MATERIAL PROVIDED Block Start

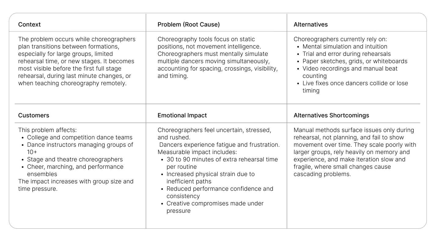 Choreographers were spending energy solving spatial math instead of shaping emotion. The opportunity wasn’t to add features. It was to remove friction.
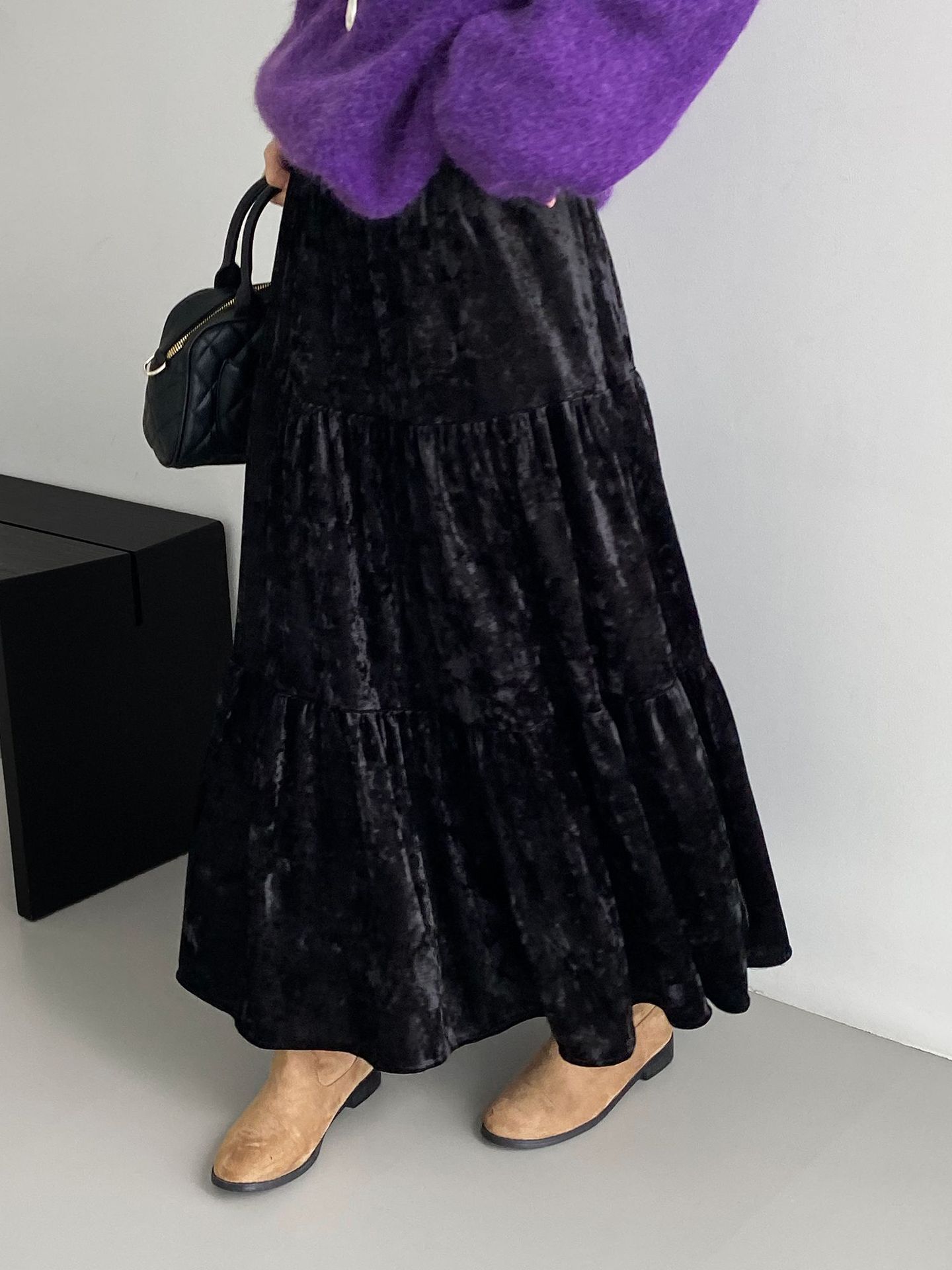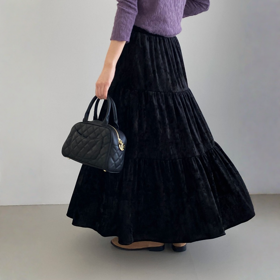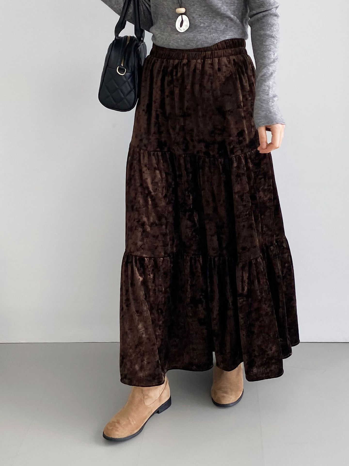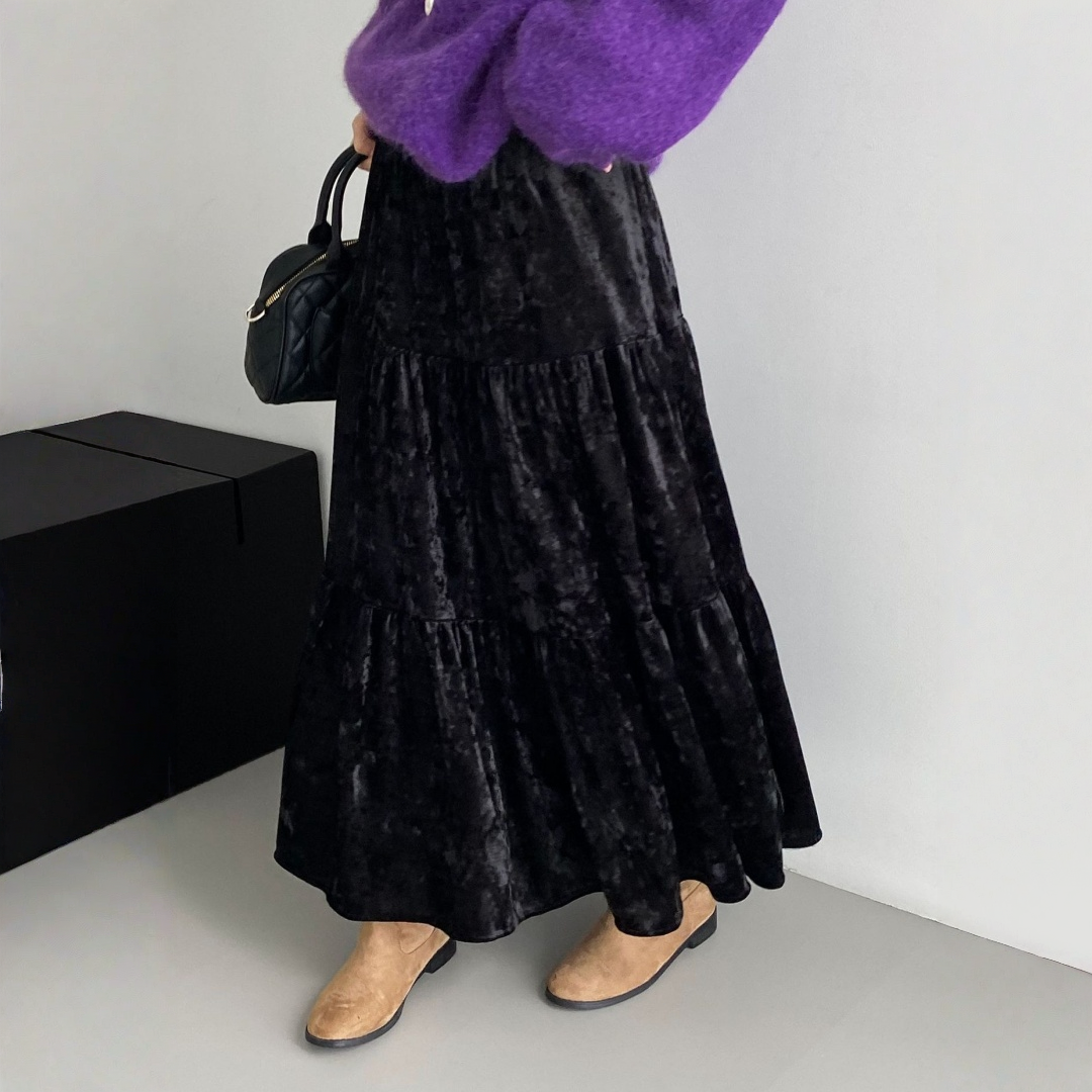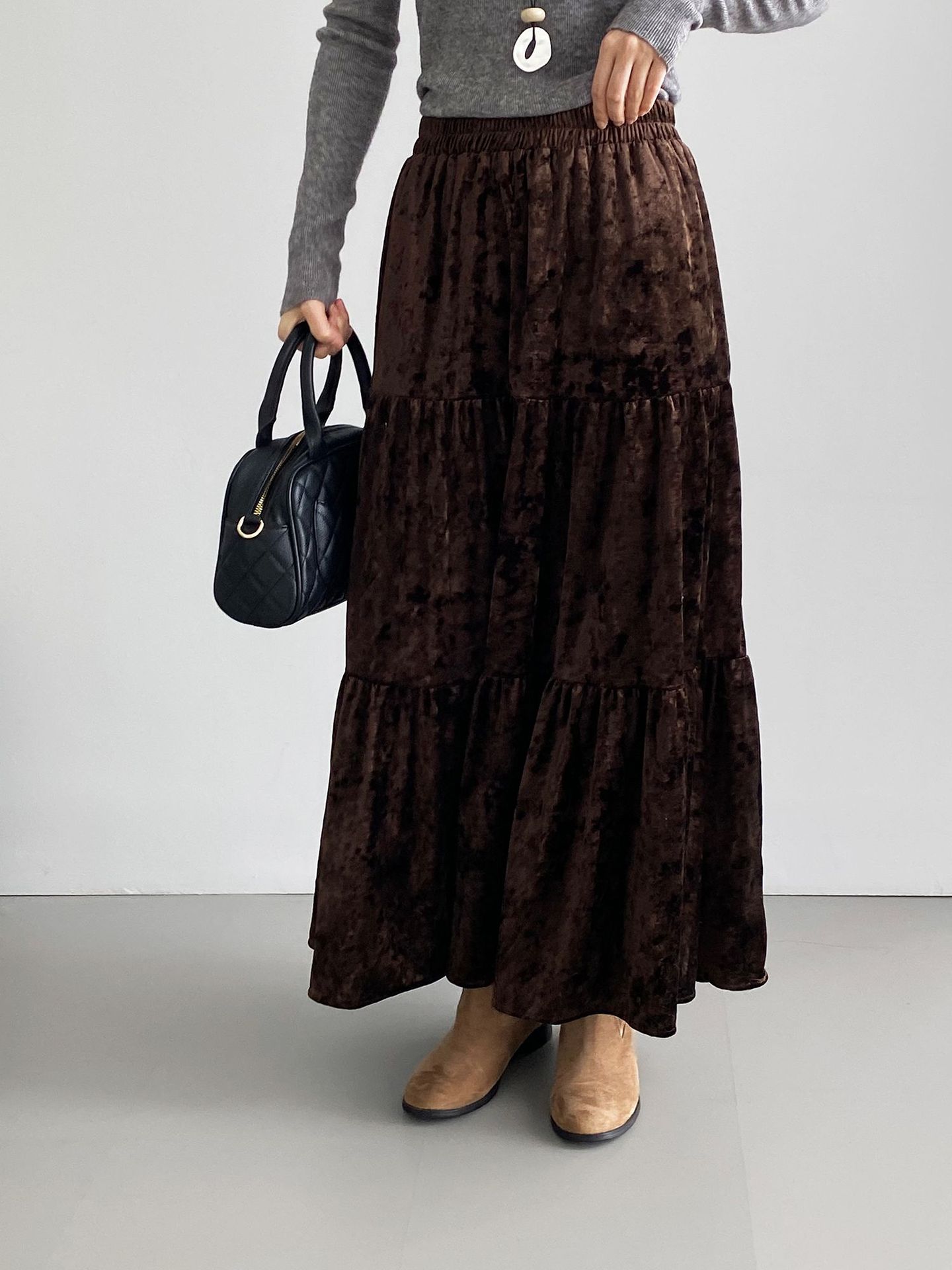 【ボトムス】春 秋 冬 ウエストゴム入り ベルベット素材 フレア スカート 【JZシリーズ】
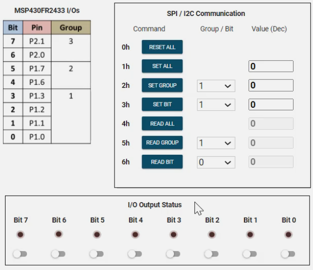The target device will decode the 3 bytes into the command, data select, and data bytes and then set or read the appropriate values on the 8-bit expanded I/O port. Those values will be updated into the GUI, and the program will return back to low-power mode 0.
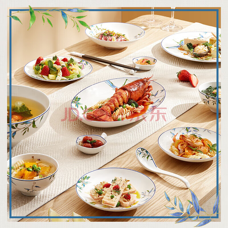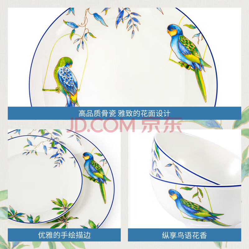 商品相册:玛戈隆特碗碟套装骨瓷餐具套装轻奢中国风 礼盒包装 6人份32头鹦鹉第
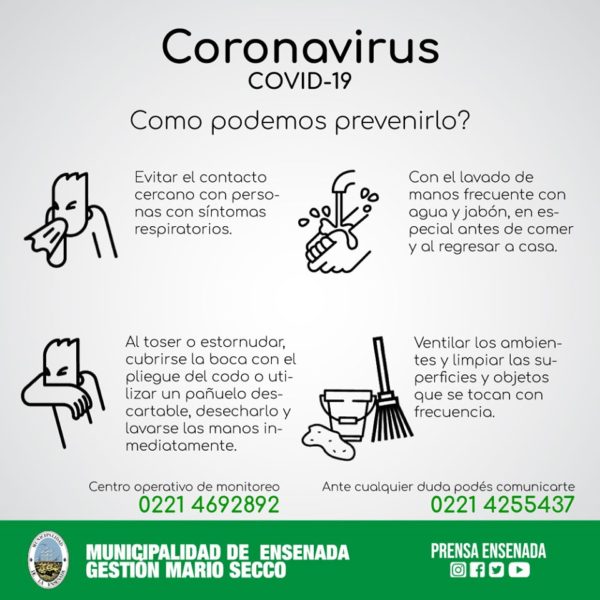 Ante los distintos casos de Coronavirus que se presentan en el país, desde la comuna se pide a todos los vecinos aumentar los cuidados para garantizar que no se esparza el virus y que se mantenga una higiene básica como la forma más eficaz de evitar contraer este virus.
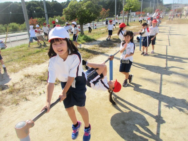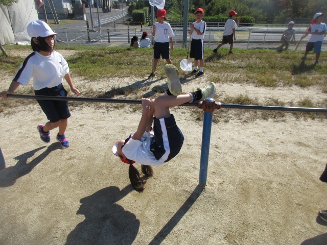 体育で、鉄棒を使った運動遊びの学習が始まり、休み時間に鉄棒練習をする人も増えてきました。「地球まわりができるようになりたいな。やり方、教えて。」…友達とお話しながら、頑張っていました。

MATERIAL PROVIDED Block End

The data above should be restated exactly, with its images dropped.

_TASK OUTPUT_.
 Choreographers were spending energy solving spatial math instead of shaping emotion. The opportunity wasn’t to add features. It was to remove friction.
 【ボトムス】春 秋 冬 ウエストゴム入り ベルベット素材 フレア スカート 【JZシリーズ】
The target device will decode the 3 bytes into the command, data select, and data bytes and then set or read the appropriate values on the 8-bit expanded I/O port. Those values will be updated into the GUI, and the program will return back to low-power mode 0.
 商品相册:玛戈隆特碗碟套装骨瓷餐具套装轻奢中国风 礼盒包装 6人份32头鹦鹉第
 Ante los distintos casos de Coronavirus que se presentan en el país, desde la comuna se pide a todos los vecinos aumentar los cuidados para garantizar que no se esparza el virus y que se mantenga una higiene básica como la forma más eficaz de evitar contraer este virus.
 体育で、鉄棒を使った運動遊びの学習が始まり、休み時間に鉄棒練習をする人も増えてきました。「地球まわりができるようになりたいな。やり方、教えて。」…友達とお話しながら、頑張っていました。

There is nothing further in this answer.